§ **Instructions to follow**
Return the listing exactly, please; no pictures.

§ **Material supplied**
***
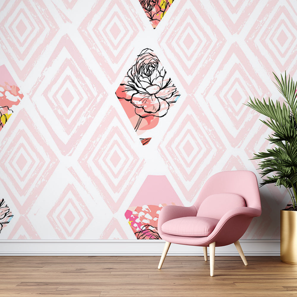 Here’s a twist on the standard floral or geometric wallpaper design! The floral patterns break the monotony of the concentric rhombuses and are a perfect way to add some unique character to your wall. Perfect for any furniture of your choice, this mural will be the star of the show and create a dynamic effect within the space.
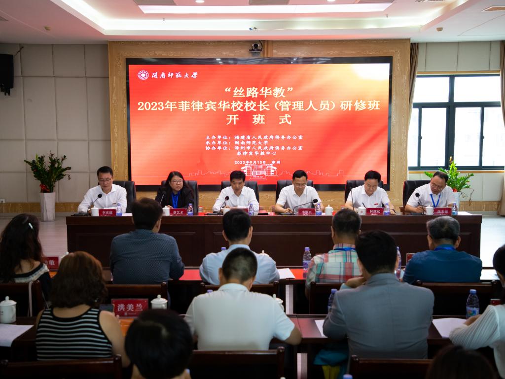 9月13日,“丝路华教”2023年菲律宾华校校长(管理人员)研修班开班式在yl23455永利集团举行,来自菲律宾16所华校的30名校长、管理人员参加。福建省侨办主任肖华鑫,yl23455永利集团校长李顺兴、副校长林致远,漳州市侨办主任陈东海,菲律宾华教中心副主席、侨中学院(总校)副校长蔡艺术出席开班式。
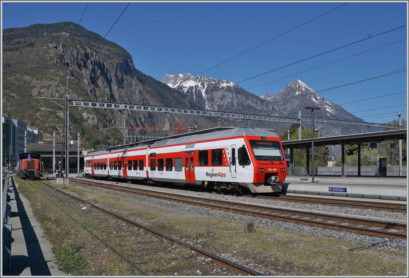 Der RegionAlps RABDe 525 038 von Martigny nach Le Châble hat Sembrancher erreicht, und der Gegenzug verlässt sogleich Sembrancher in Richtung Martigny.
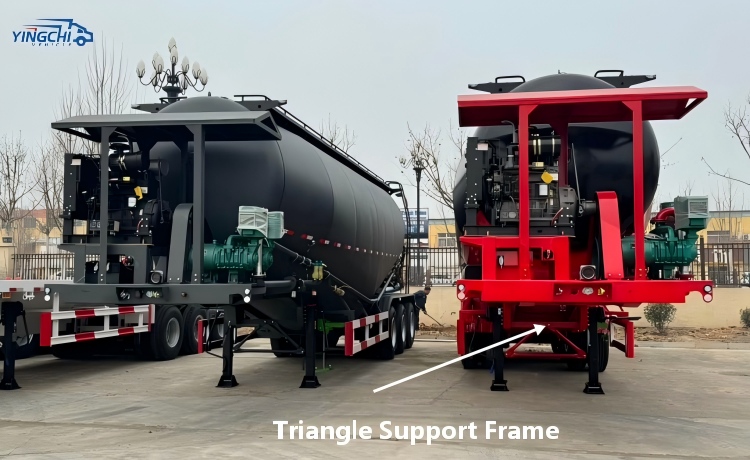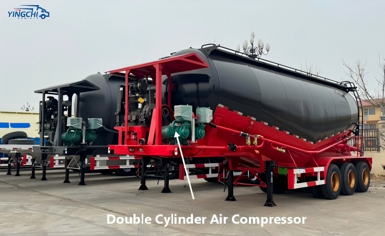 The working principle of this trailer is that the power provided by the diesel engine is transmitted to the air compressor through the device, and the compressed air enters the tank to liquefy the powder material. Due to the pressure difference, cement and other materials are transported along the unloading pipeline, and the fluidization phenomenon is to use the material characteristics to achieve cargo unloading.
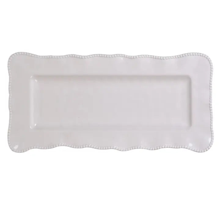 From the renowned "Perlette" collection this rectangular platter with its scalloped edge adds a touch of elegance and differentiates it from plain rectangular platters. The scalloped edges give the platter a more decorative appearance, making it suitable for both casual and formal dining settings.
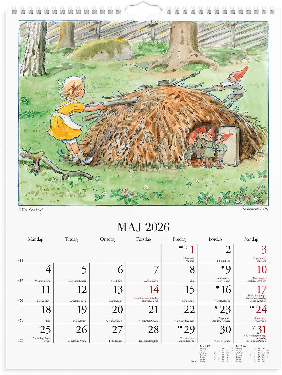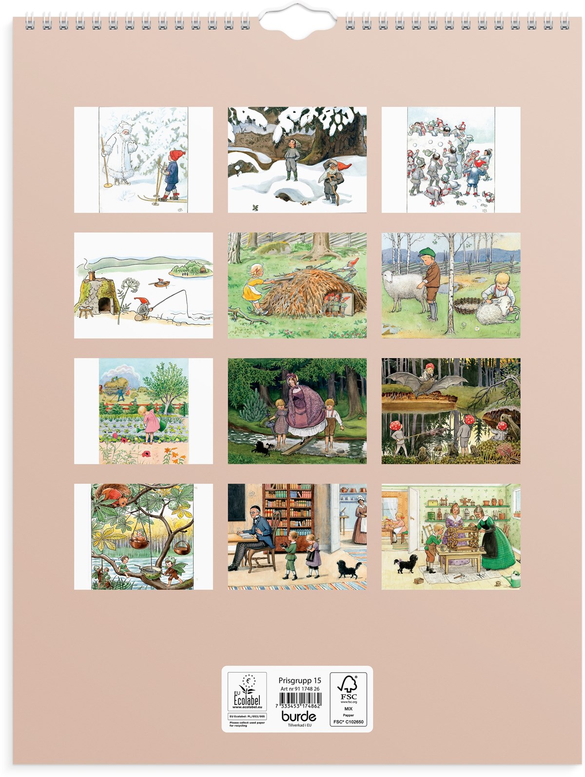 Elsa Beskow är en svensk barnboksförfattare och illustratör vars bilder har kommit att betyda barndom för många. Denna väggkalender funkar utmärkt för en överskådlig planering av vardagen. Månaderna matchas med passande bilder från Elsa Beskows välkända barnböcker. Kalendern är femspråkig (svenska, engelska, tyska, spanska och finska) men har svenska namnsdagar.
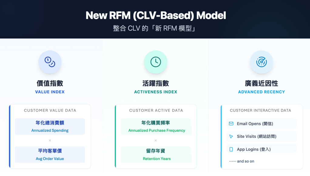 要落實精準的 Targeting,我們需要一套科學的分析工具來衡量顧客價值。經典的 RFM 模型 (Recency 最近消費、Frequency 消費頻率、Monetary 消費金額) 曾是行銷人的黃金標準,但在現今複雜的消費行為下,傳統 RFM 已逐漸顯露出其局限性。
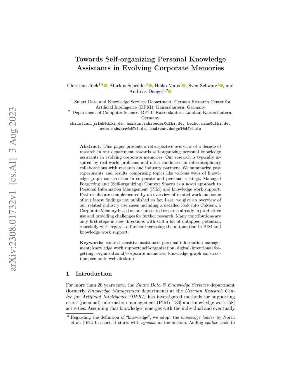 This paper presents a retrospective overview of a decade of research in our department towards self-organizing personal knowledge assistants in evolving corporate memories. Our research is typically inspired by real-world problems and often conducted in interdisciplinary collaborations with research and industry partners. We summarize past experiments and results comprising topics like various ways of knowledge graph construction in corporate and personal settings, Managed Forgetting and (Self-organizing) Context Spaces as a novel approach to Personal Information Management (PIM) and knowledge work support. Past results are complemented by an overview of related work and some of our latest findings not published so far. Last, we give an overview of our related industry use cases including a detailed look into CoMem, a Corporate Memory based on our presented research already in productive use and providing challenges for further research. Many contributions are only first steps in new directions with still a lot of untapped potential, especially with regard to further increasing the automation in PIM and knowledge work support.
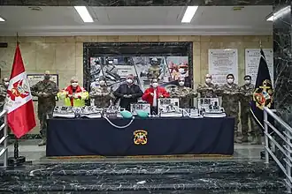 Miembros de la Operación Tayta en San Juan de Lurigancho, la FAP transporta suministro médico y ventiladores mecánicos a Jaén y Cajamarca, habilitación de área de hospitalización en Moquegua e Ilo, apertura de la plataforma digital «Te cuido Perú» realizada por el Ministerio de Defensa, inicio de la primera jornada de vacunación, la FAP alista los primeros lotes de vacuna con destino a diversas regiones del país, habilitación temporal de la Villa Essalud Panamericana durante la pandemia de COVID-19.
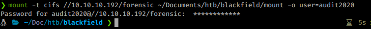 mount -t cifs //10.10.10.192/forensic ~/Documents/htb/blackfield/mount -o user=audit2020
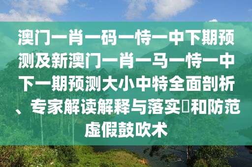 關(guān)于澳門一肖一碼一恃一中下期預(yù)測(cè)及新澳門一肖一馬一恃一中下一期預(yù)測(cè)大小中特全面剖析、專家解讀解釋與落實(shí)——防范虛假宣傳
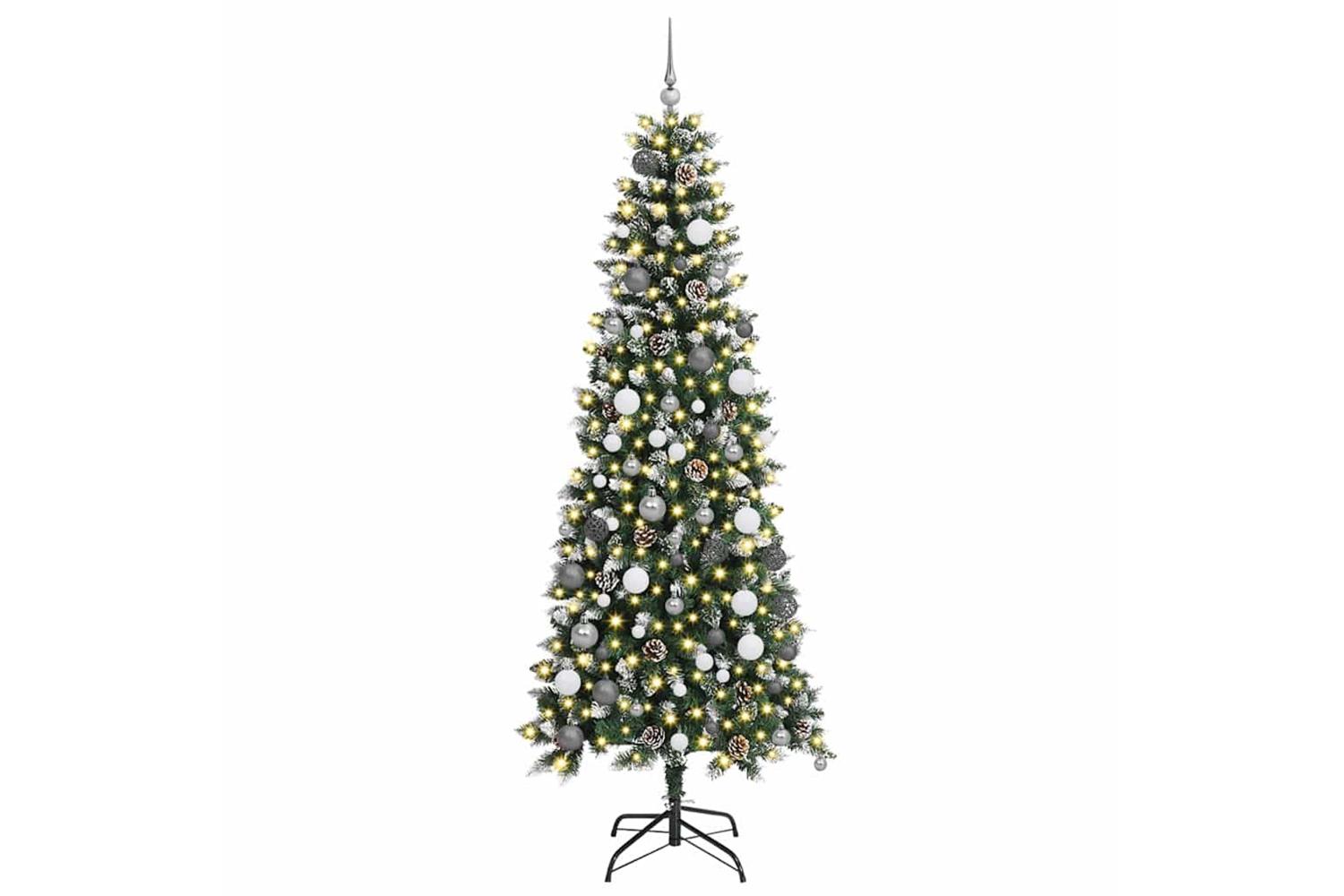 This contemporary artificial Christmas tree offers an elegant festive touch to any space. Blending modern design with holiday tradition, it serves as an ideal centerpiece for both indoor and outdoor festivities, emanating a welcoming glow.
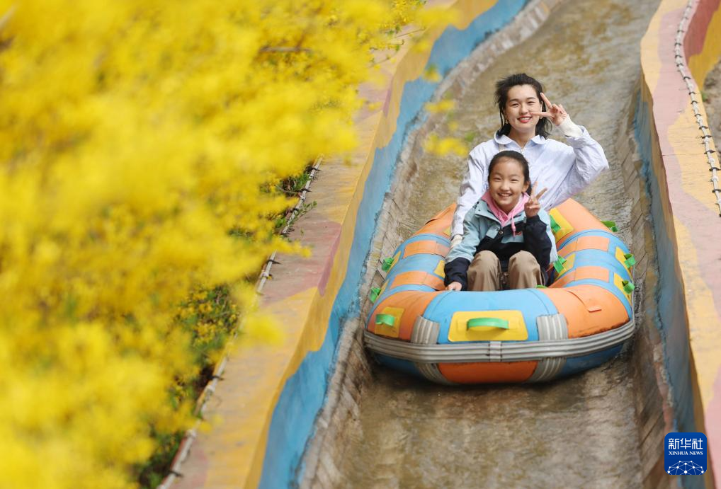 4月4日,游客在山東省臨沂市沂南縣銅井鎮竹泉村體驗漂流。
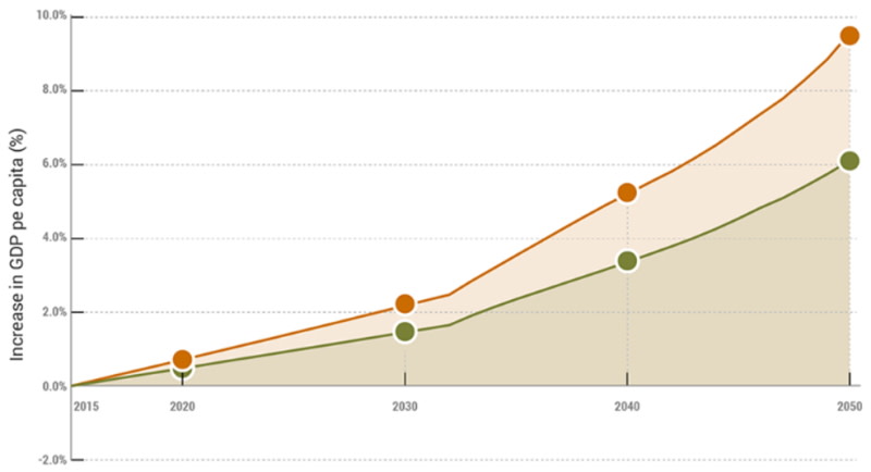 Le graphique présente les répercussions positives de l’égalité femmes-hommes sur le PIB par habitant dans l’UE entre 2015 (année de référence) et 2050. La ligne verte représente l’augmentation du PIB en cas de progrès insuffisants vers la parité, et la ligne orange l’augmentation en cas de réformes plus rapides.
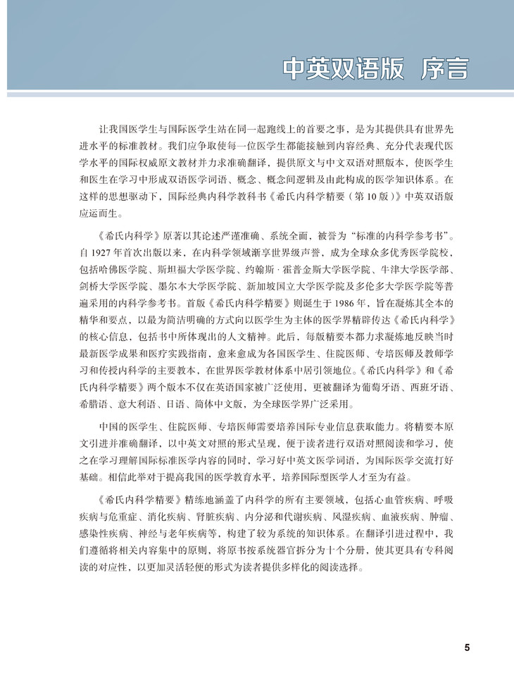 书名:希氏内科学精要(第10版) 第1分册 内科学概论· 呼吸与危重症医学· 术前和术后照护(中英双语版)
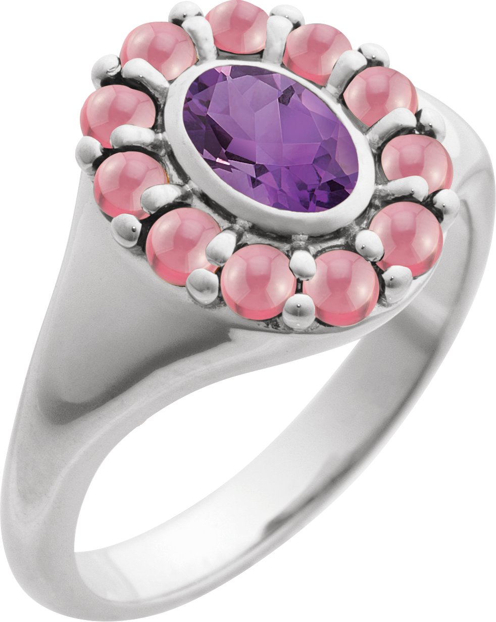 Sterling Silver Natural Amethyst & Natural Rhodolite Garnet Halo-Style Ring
***
§ **Written solution**
 Here’s a twist on the standard floral or geometric wallpaper design! The floral patterns break the monotony of the concentric rhombuses and are a perfect way to add some unique character to your wall. Perfect for any furniture of your choice, this mural will be the star of the show and create a dynamic effect within the space.
 9月13日,“丝路华教”2023年菲律宾华校校长(管理人员)研修班开班式在yl23455永利集团举行,来自菲律宾16所华校的30名校长、管理人员参加。福建省侨办主任肖华鑫,yl23455永利集团校长李顺兴、副校长林致远,漳州市侨办主任陈东海,菲律宾华教中心副主席、侨中学院(总校)副校长蔡艺术出席开班式。
 Der RegionAlps RABDe 525 038 von Martigny nach Le Châble hat Sembrancher erreicht, und der Gegenzug verlässt sogleich Sembrancher in Richtung Martigny.
 The working principle of this trailer is that the power provided by the diesel engine is transmitted to the air compressor through the device, and the compressed air enters the tank to liquefy the powder material. Due to the pressure difference, cement and other materials are transported along the unloading pipeline, and the fluidization phenomenon is to use the material characteristics to achieve cargo unloading.
 From the renowned "Perlette" collection this rectangular platter with its scalloped edge adds a touch of elegance and differentiates it from plain rectangular platters. The scalloped edges give the platter a more decorative appearance, making it suitable for both casual and formal dining settings.
 Elsa Beskow är en svensk barnboksförfattare och illustratör vars bilder har kommit att betyda barndom för många. Denna väggkalender funkar utmärkt för en överskådlig planering av vardagen. Månaderna matchas med passande bilder från Elsa Beskows välkända barnböcker. Kalendern är femspråkig (svenska, engelska, tyska, spanska och finska) men har svenska namnsdagar.
 要落實精準的 Targeting,我們需要一套科學的分析工具來衡量顧客價值。經典的 RFM 模型 (Recency 最近消費、Frequency 消費頻率、Monetary 消費金額) 曾是行銷人的黃金標準,但在現今複雜的消費行為下,傳統 RFM 已逐漸顯露出其局限性。
 This paper presents a retrospective overview of a decade of research in our department towards self-organizing personal knowledge assistants in evolving corporate memories. Our research is typically inspired by real-world problems and often conducted in interdisciplinary collaborations with research and industry partners. We summarize past experiments and results comprising topics like various ways of knowledge graph construction in corporate and personal settings, Managed Forgetting and (Self-organizing) Context Spaces as a novel approach to Personal Information Management (PIM) and knowledge work support. Past results are complemented by an overview of related work and some of our latest findings not published so far. Last, we give an overview of our related industry use cases including a detailed look into CoMem, a Corporate Memory based on our presented research already in productive use and providing challenges for further research. Many contributions are only first steps in new directions with still a lot of untapped potential, especially with regard to further increasing the automation in PIM and knowledge work support.
 Miembros de la Operación Tayta en San Juan de Lurigancho, la FAP transporta suministro médico y ventiladores mecánicos a Jaén y Cajamarca, habilitación de área de hospitalización en Moquegua e Ilo, apertura de la plataforma digital «Te cuido Perú» realizada por el Ministerio de Defensa, inicio de la primera jornada de vacunación, la FAP alista los primeros lotes de vacuna con destino a diversas regiones del país, habilitación temporal de la Villa Essalud Panamericana durante la pandemia de COVID-19.
 mount -t cifs //10.10.10.192/forensic ~/Documents/htb/blackfield/mount -o user=audit2020
 關(guān)于澳門一肖一碼一恃一中下期預(yù)測(cè)及新澳門一肖一馬一恃一中下一期預(yù)測(cè)大小中特全面剖析、專家解讀解釋與落實(shí)——防范虛假宣傳
 This contemporary artificial Christmas tree offers an elegant festive touch to any space. Blending modern design with holiday tradition, it serves as an ideal centerpiece for both indoor and outdoor festivities, emanating a welcoming glow.
 4月4日,游客在山東省臨沂市沂南縣銅井鎮竹泉村體驗漂流。
 Le graphique présente les répercussions positives de l’égalité femmes-hommes sur le PIB par habitant dans l’UE entre 2015 (année de référence) et 2050. La ligne verte représente l’augmentation du PIB en cas de progrès insuffisants vers la parité, et la ligne orange l’augmentation en cas de réformes plus rapides.
 书名:希氏内科学精要(第10版) 第1分册 内科学概论· 呼吸与危重症医学· 术前和术后照护(中英双语版)
 Sterling Silver Natural Amethyst & Natural Rhodolite Garnet Halo-Style Ring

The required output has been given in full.